### WHAT YOU WILL DO
Leave every image out, and print the remaining lines below exactly.

### RECORDED INFORMATION
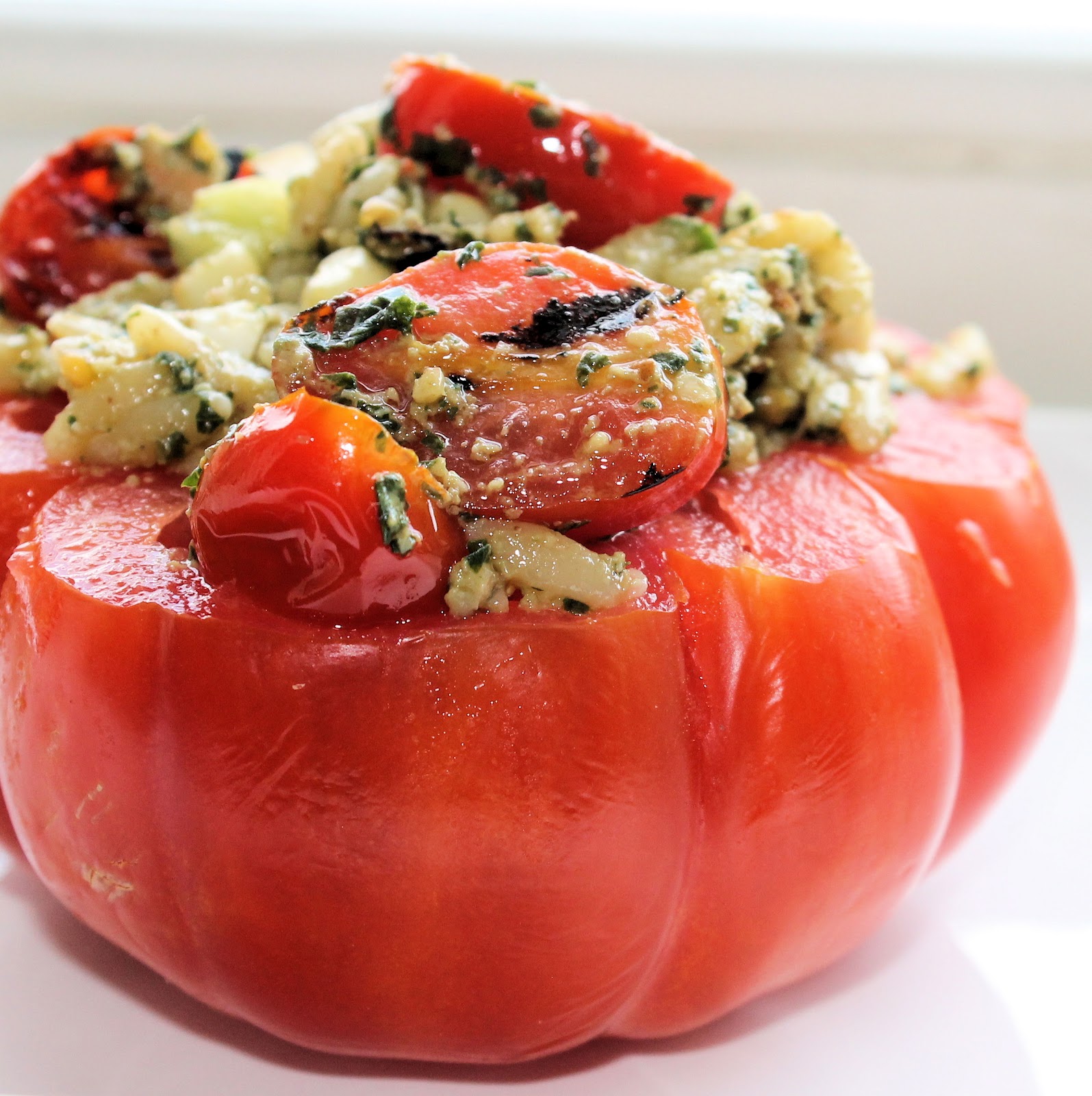 Stuffing tomatoes with more tomatoes and other goodness. You sort of can’t beat it! Yum!
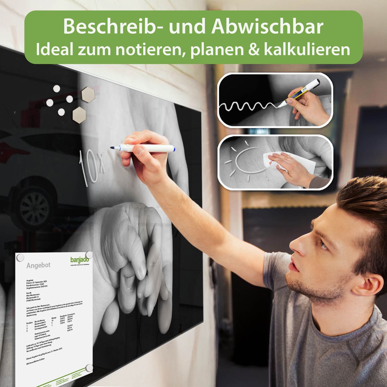 Bitte beachten Sie, dass ausschliessliche spezielle Magnete an der Glastafel haften. Wir empfehlen banjado Neodym Magnete, diese sind durch uns auf Wirksamkeit geprüft.
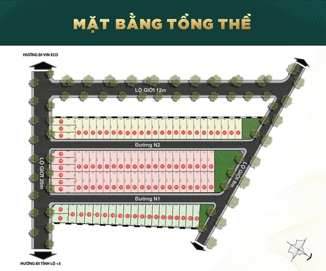 - Quy mô: 82 nền đất có diện tích từ 89 m2/nền
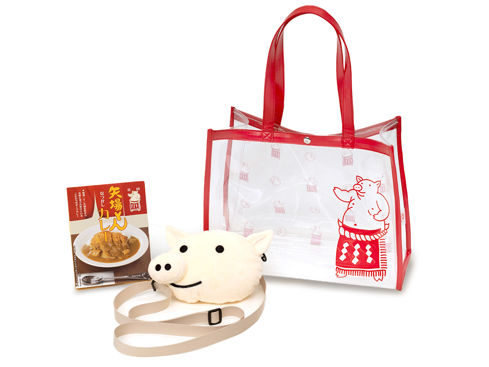 ぶーちゃんクリアバッグ×1個 ぶーちゃんポーチ×1個 矢場とんなつかしのカレー×1個( 約250g) 矢場とんショッピングクーポン2000円分 |

### TASK OUTPUT
 Stuffing tomatoes with more tomatoes and other goodness. You sort of can’t beat it! Yum!
 Bitte beachten Sie, dass ausschliessliche spezielle Magnete an der Glastafel haften. Wir empfehlen banjado Neodym Magnete, diese sind durch uns auf Wirksamkeit geprüft.
 - Quy mô: 82 nền đất có diện tích từ 89 m2/nền
 ぶーちゃんクリアバッグ×1個 ぶーちゃんポーチ×1個 矢場とんなつかしのカレー×1個( 約250g) 矢場とんショッピングクーポン2000円分 |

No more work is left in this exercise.